To: TobagoJack who wrote (13924)1/25/2002 12:21:16 PM
From: carranza2  Read Replies (2) | Respond to of 74559
 
No trial for this Enron exec. Looks like he performed the US version of sepukku.

foxnews.com



To: TobagoJack who wrote (13924)1/25/2002 2:25:27 PM
From: Maurice Winn  Read Replies (1) | Respond to of 74559
 
<I was not convinced that Mike Milken was a criminal, whereas these Enron & JPM folks require punishment even without trial>

Economic terrorist criminals?
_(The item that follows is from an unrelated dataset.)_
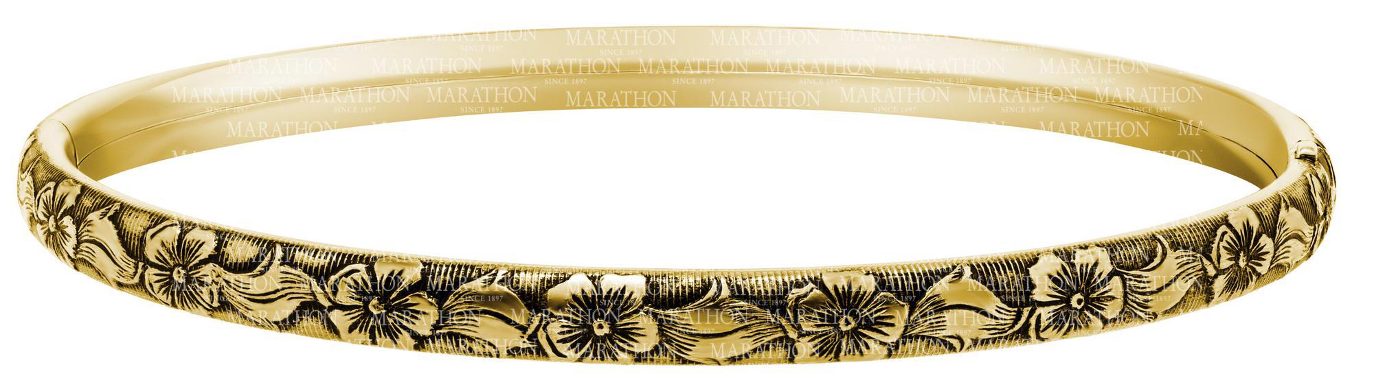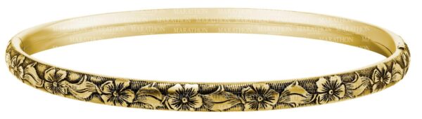 Elevate your style with this exquisite 14K gold filled bangle featuring a delicate floral design with an antique-inspired finish.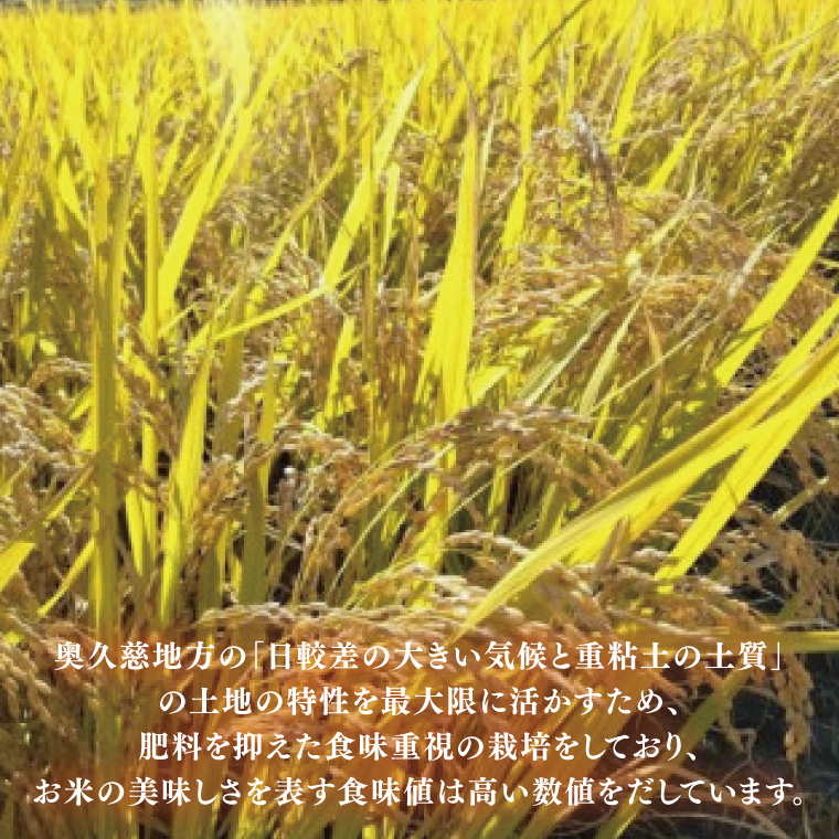 奥久慈地方のお米は、日較差の大きい気候と重粘土の土質により、甘みが強くモチモチとした食感になります。

Send them to the military trbunal in Cuba.

Mq

PS Actually, I haven't read anything about Enron, so have no idea that anyone did anything illegal or unethical - I watched Globalstar flame out in slow motion and am not convinced of illegality, though some lawyers allege defrauding of shareholders and believe they can prove it.

Edit... I see CB has explained some illegality. I'll go and read her post to see what this Enron stuff is about...
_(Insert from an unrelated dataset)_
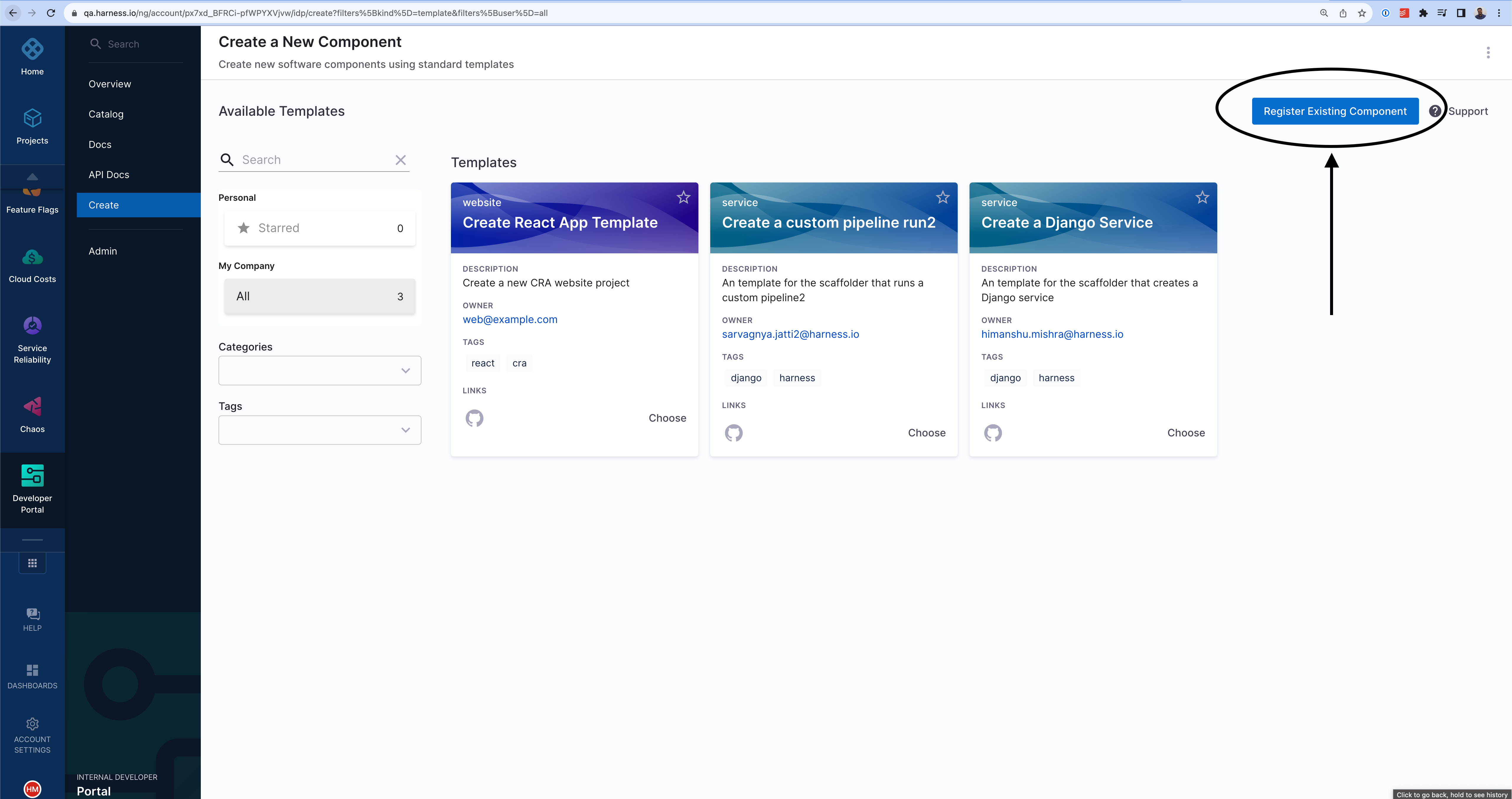 Follow the steps below to register components in the Harness Platform UI:

A brief scan looks like a bet on the future price of gas which was wrong. So the tax deductible trades became bad trades and then bad debts with no way to refinance with the hope of future hydrocarbon price increases.

No wonder Iraq has sanctions still on.... large USA interests NEED high hydrocarbon prices and I think that's why sanctions have been on Iraq for a decade. Nothing to do with weapons of mass destruction, UN edicts and all the nonsense. Read all about it here: Message 15233289
Here are the last few lines to avoid a long rant.. <...But maybe more importantly [to them] was the fact that if Saddam was deposed and Iraq converted to a happy Middle East democracy, there would be no excuse to stop oil exports, and all that would mean to the oil price.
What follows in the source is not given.